The architecture that this structure has generated has transformed Brisbane’s self-image, and its tourism identity, to that of a city of walking and cycling.
The strategy behind the exploration of tensegrity began at the national competition stage. It was during this stage that our architecture and engineering team recognised that conventional structures would not satisfy critical brief requirements – to span over Brisbane’s Riverside Expressway and to minimise impact on a park significant to indigenous people on the other side. Tensegrity minimised the deck thickness, thereby minimising ramp length down on that side, and it created a deceptively strong structure to span the expressway without change of system. The structure also spans the 120 metres of required navigational channel, while maintaining the scale of a pedestrian bridge.
A further source of inspiration for the tensegrity structure was the fact that its major contemporary exponent is an artist, the American sculptor Kenneth Snelson. The Kurilpa Bridge links the Brisbane CBD to the city’s Arts precinct, and it is frequently cited as the symbol of Brisbane’s focus upon linking art, science and engineering.

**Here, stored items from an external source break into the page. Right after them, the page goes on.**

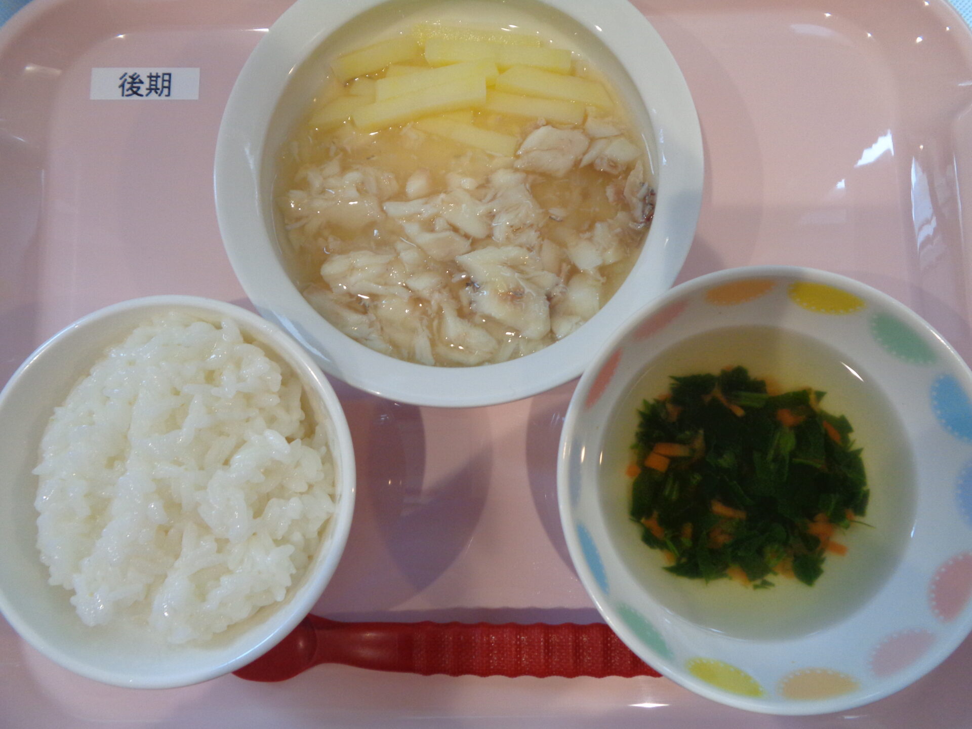 2024.12.11 給食写真 2024年12月11日 給食 【普通食】 ご飯・たいのみそ焼き・じゃが芋の旨煮・そうめん汁 【離乳食・後期】 軟飯・たいの煮物・じゃが芋スティック・ほうれん草スープ 一覧へ戻る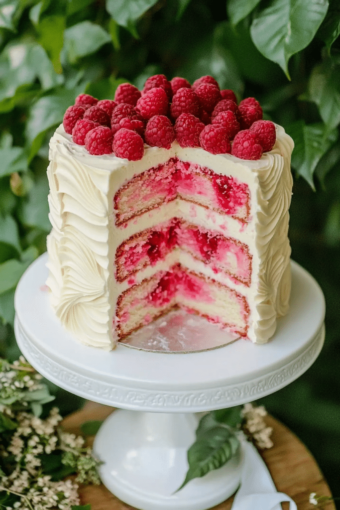 The sweetness of the cake is perfectly balanced with the slightly tart raspberry swirl, adding bursts of flavor to every forkful.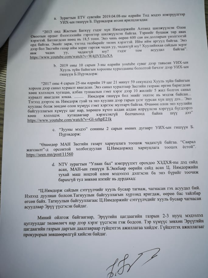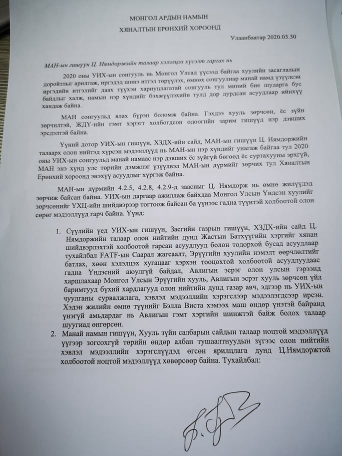 Мөн "Хууль зүй, дотоод хэргийн сайд Ц.Нямдоржийн талаар хүрсэн мэдээллүүд нь МАН-ын нэр хүндийг унагаж байгаа тул УИХ-ын сонгуульд манай намаас нэр дэвших ёс зүйгүй бөгөөд ёс суртахууны эрхгүй. МАН энэ хүнд улс төрийн дэмжлэг үзүүлбэл МАН-ын дүрмийг зөрчих тул Хяналтын ерөнхий хороонд энэхүү асуудлыг хүргэж байна" гэсэн байна. Тэрээр өргөдөлдөө Жастын Батхүү, FATF-ийн саарал жагсаалт, хөөн хэлэлцэх хугацаа, сэтгүүлчдийг тагнасан гэх асуудал зэргийг дурджээ.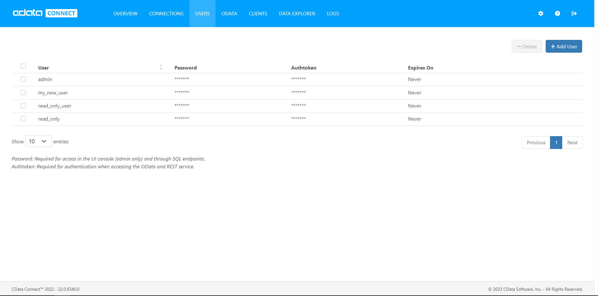 Next, create a user to access your database data through Connect Server. You can add and configure users on the Users tab. In this simple React app for viewing data, create a user that has read-only access: Click Add User, give the user a name and password, save the Authtoken for future use, and click Save Changes.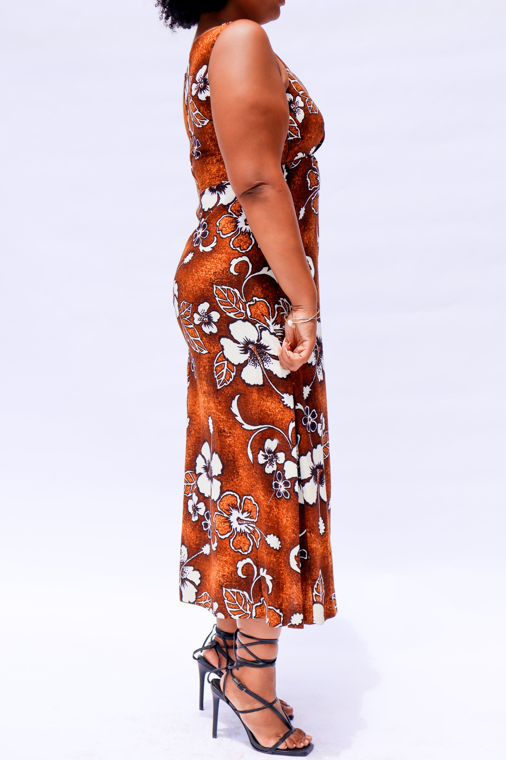 This 1960's barkcloth muumuu features a hibiscus print in rich brown and burnt orange tones, embodying classic Hawaiian style with vintage authenticity. Handmade, no tag.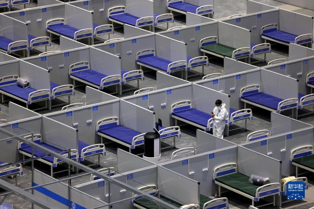 当日,记者从上海市新冠肺炎疫情防控新闻发布会上了解到,上海正加紧方舱医院建设,目前约3.8万张床位已交付投用。国家会展中心(上海)将成为目前上海最大的方舱医院,计划9日起分批交付,预计可提供5万张床位。新华社记者 金立旺 摄

This relationship inspired the Queensland Gallery of Modern Art to site its newly acquired installation “We are shipwrecked and landlocked” by Scottish artist Martin Boyce on the entrance path to the bridge. The installation and the bridge, one an artwork and the other an architectural structure, both contain reference to the notion of a ‘collapsed landscape’, reinforcing the synergy between art and architecture.
Kurilpa Bridge is also experienced as a new piece of urban space within which are smaller urban spaces, and beyond which are other new urban spaces that the bridge has spawned. Although the bridge is in itself 360 metres long, it now connects approximately 1.5 kilometres of continuous pathway from South Brisbane, through the Arts precinct, across the river into the CBD, through a new Queensland justice precinct and city open space, known as Roma Street Parkland. This corridor is the largest unimpeded pedestrian and cycle way in Brisbane City Centre.
It is often said that people will create metaphors for unfamiliar structures; Kurilpa Brisbane has been no exception. Its nautical references are relatively obvious, however it has also been considered analogous to the spokes of bicycle helmets which Brisbane cyclists wear to deter diving birds, to an upside down spider, and even to a dance frozen in time. These metaphors illustrate the extent to which the public imagination has been sparked by the bridge design.
Resolution of the bridge entailed Arup in extensive computer and physical modelling from Australia to New York and London. The modelling information was transmitted back to Brisbane where continuous adjustments were made to refine angles of members, junctions, the deck edges and the canopy which acts in pure tensegrity throughout the length of the bridge. Solar photovoltaics along the canopy roof generate all of the power required for lighting the bridge including LED lighting that changes its colour and is synchronised for major events.
Kurilpa Bridge plays a significant role in the lives of Brisbane’s aboriginal people as it is sited (coincidentally) at the point on the river where the ancestors were able to cross the Brisbane River between the northern to southern lands. The two most relevant tribes – the Turrbal and Jagera – were continuously consulted on the bridge design, this process gaining significant endorsement.
Kurilpa Bridge is also the culmination of our twenty year collaboration between Cox Rayner Architects and Arup, our mutual knowledge and respect enabling conceptualisation beyond our individual thought processes.